§ **Information given**:
# # # # # # #

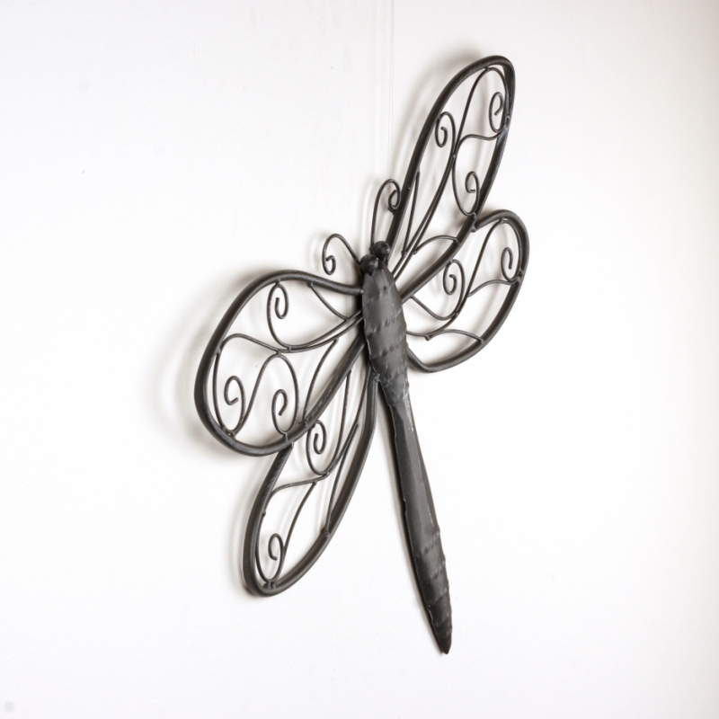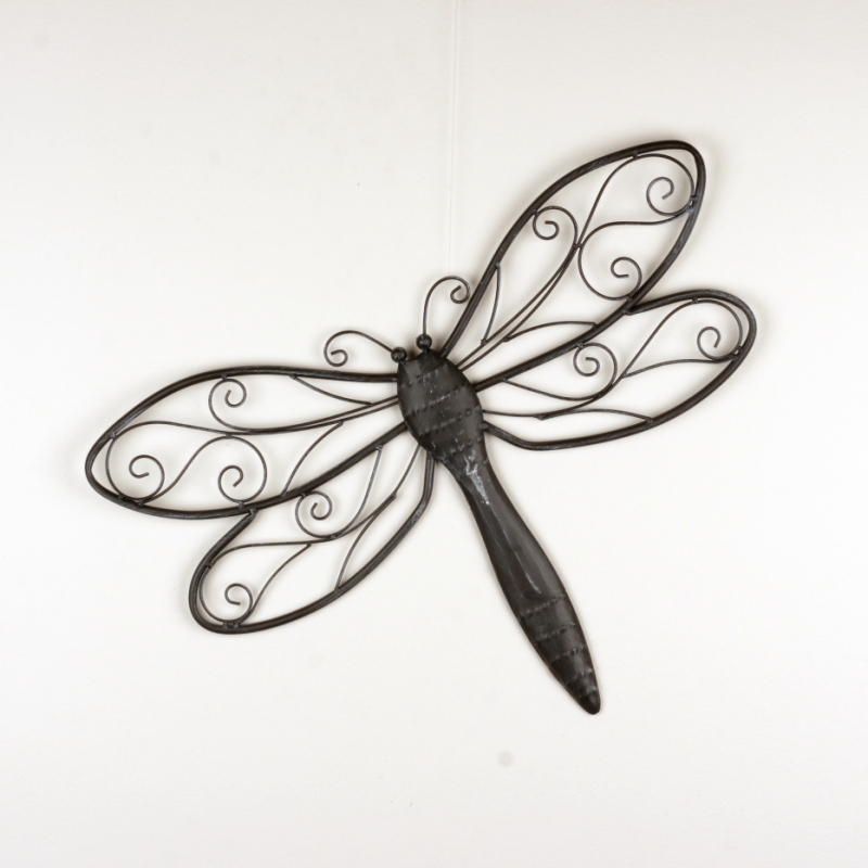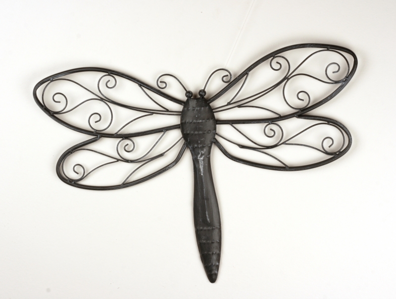 Dekorácia na stenu vážka tmavý kov 60cm
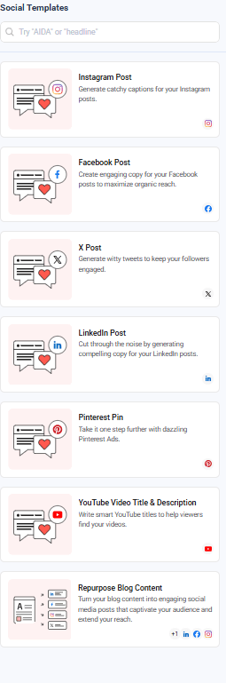 You still get ad and social templates, but the platform feels more at home in blog and landing-page workflows than Anyword does.
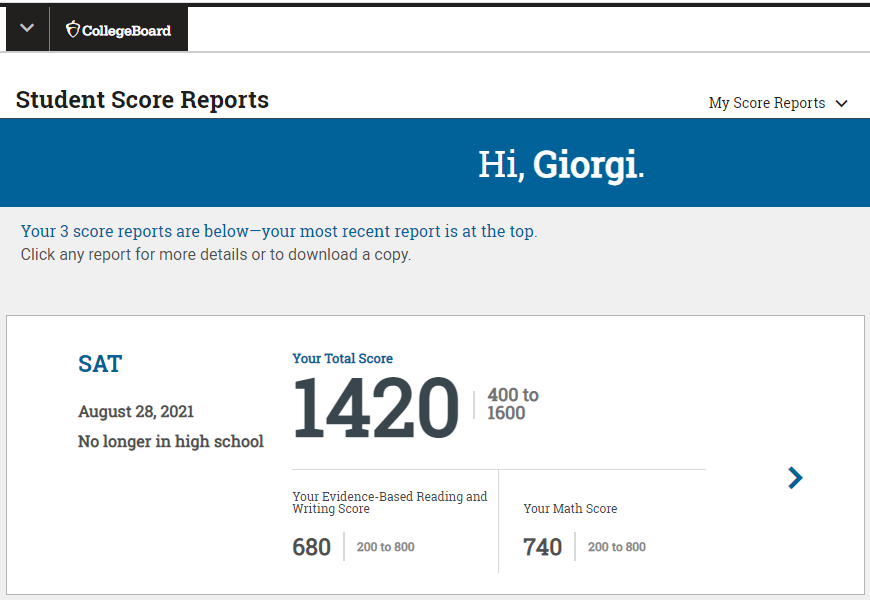 SAT 1420 (Evidence-Based Reading and Writing: 680 | Math: 740)
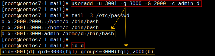※ d 계정 생성. uid는 3001, gid는 3000, 추가그룹 2000, 코멘트 admin
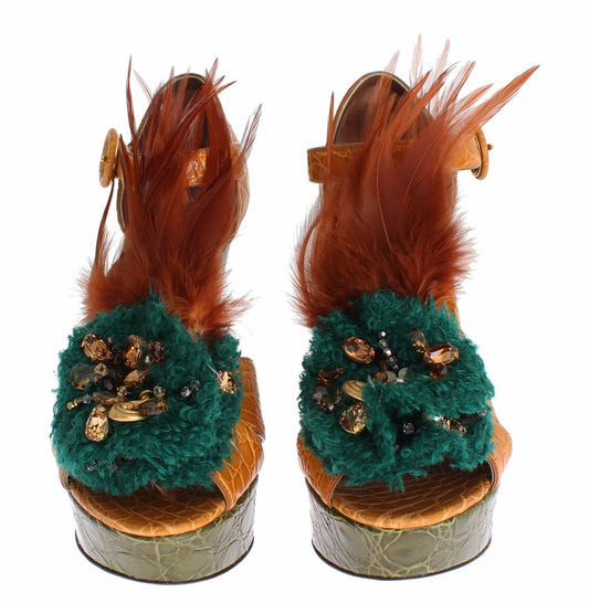 Sandales à plateforme en cuir vert et cristaux de Dolce & Gabbana
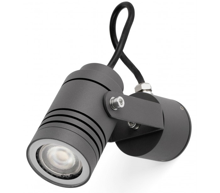Lit spot væglampe i et moderne design, fremstillet i mørkegrå lakeret aluminium. Lampen måler 21 cm i højden og anvender 1 x GU10 lyskilde på max. 8W (Ekskl.). Lampen kan justeres i ønsket retning.
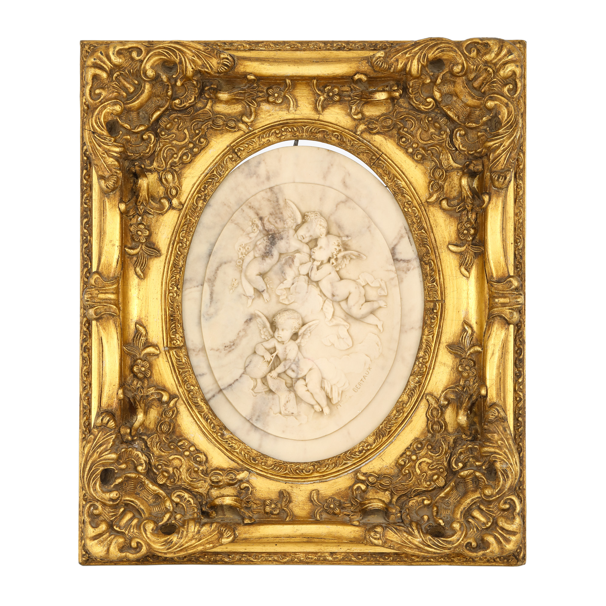 36. Placă decorativă din marmură, ilustrând o alegorie cu putti, semnată Hélène Bertaux (alias Madame Léon Bertaux), cca. 1895
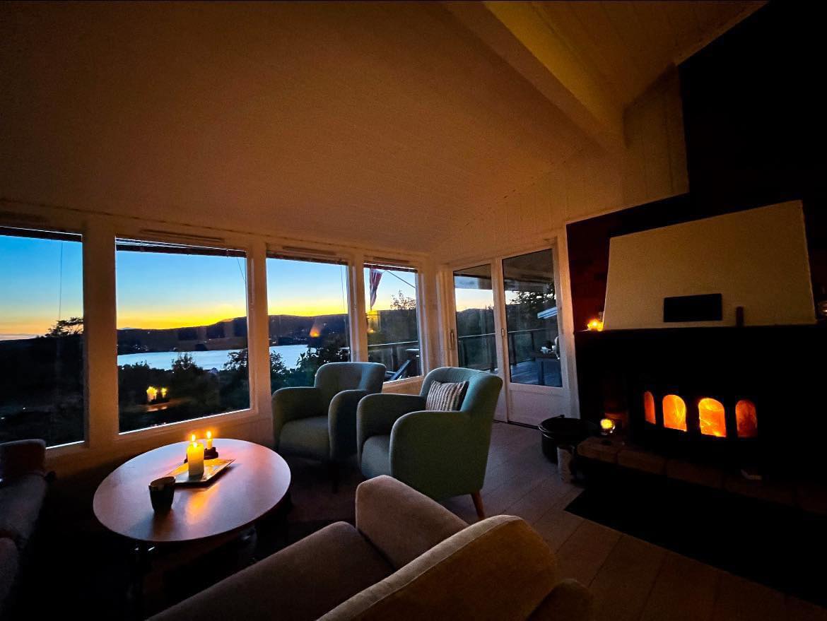Gözəl fjord mənzərəsi olan parlaq ailə evi
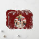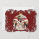 Tu foto familiar como adorno de Navidad entre los decorativos remolinos de nieve blancos con el texto del guión Feliz Navidad. Este diseño se traslada a la parte trasera donde puede personalizar a sus Navidades saludar e incluir sus nombres.
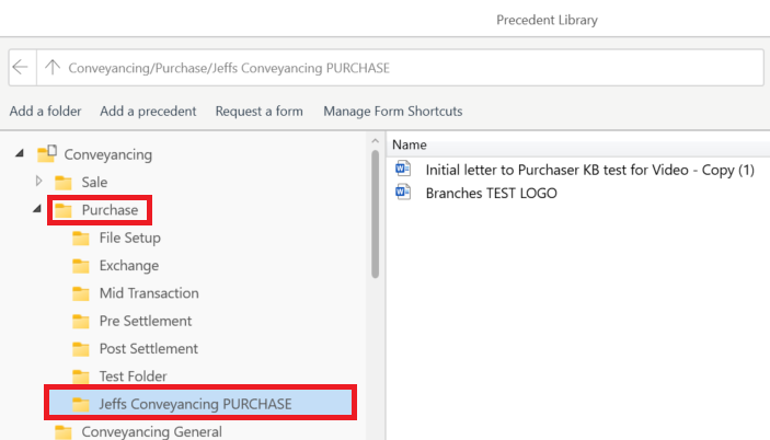This method works well when you would like to store all your precedents in the one location and create your own folder structure.
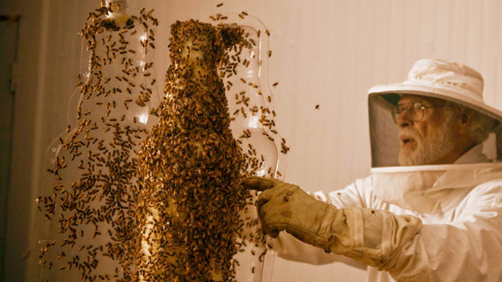 Ce ne sont pas moins de 80 000 abeilles ouvrières qui ont été enfermées dans des cloches afin qu’elles y développent des essaims qui épousent leurs formes. Une fois les moules retirés et les abeilles évacuées, on obtient de véritables œuvres d’art en miel comme une ruche en forme de bouteille géante de whisky Honey Highlander.
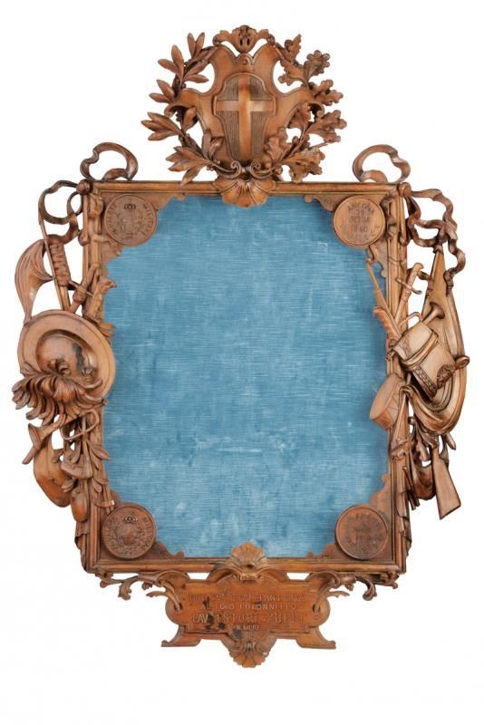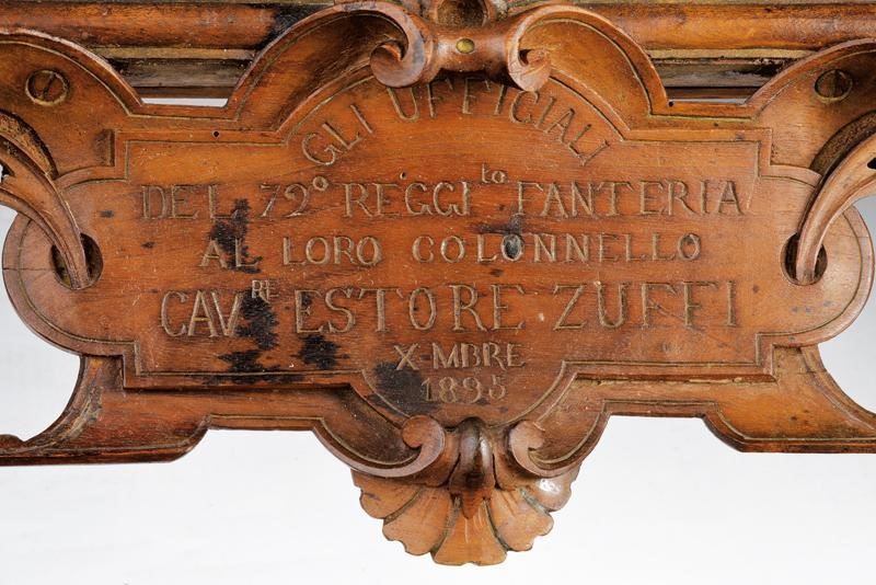 Cornice in legno scolpito, di forma rettangolare, con superfice centrale foderata di velluto celeste e dotata vetro. Agli angoli del lato sinistro raffigurazione di due medaglie al valor militare, sul lato opposto medaglioni con iscrizioni "ANCONA 29 SET.RE 1860" e "MOLA DI GAETA 4 NOV.RE 1860". La sommità con stemma sabaudo fra fronde di quercia e alloro, la parte sinistra con moretto da bersagliere, baionetta 91, daga da genio, tromba, lancia ed utensili da caccia; al lato opposto un kepi da cavalleria, fucile e baionetta 91, tamburo e tromba; nel lato corto inferiore con dedica "GLI UFFICIALI DEL 72° REGGI.TO FANTERIA AL LORO COLONELLO CAV. RE ESTORE ZUFFI XMBRE 1895".
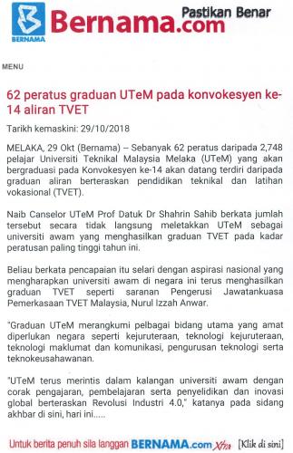62 peratus graduan UTeM pada konvokesyen ke-14 aliran TVET
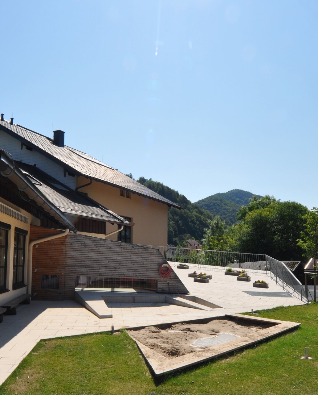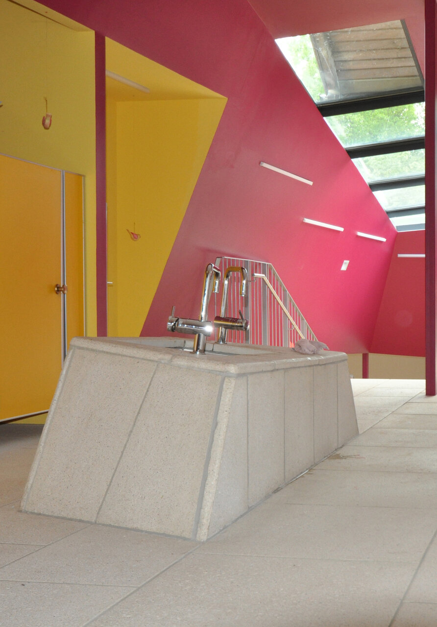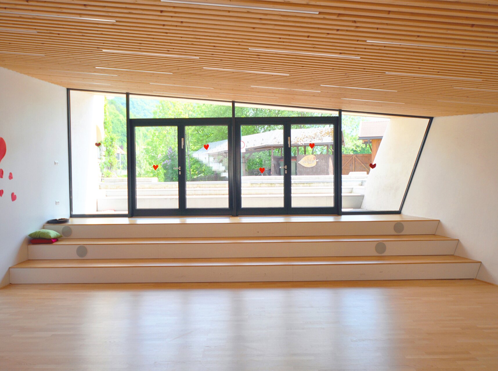 Die räumliche Abfolge vom Altbau durch den adaptierten „Brunnenraum“ hinaus auf den Spielplatz oder weiter zum Bewegungsraum erfährt eine eindeutige Zäsur durch eine veränderte Physiognomie des Gebäudes, welche dem Bewegungsdrang der Kinder durch Form, Farbe, Oberflächen und Licht-Schattensituationen entgegenkommt und neue Optionen des Raumerlebnisses bietet.

# # # # # # #

§ **Directions**: Repeat exactly, and only, the entries from the line with "36. Placă decorativă" through the line with "Tu foto familiar". Pictures are skipped.

§ **Expected answer**:
 36. Placă decorativă din marmură, ilustrând o alegorie cu putti, semnată Hélène Bertaux (alias Madame Léon Bertaux), cca. 1895
Gözəl fjord mənzərəsi olan parlaq ailə evi
 Tu foto familiar como adorno de Navidad entre los decorativos remolinos de nieve blancos con el texto del guión Feliz Navidad. Este diseño se traslada a la parte trasera donde puede personalizar a sus Navidades saludar e incluir sus nombres.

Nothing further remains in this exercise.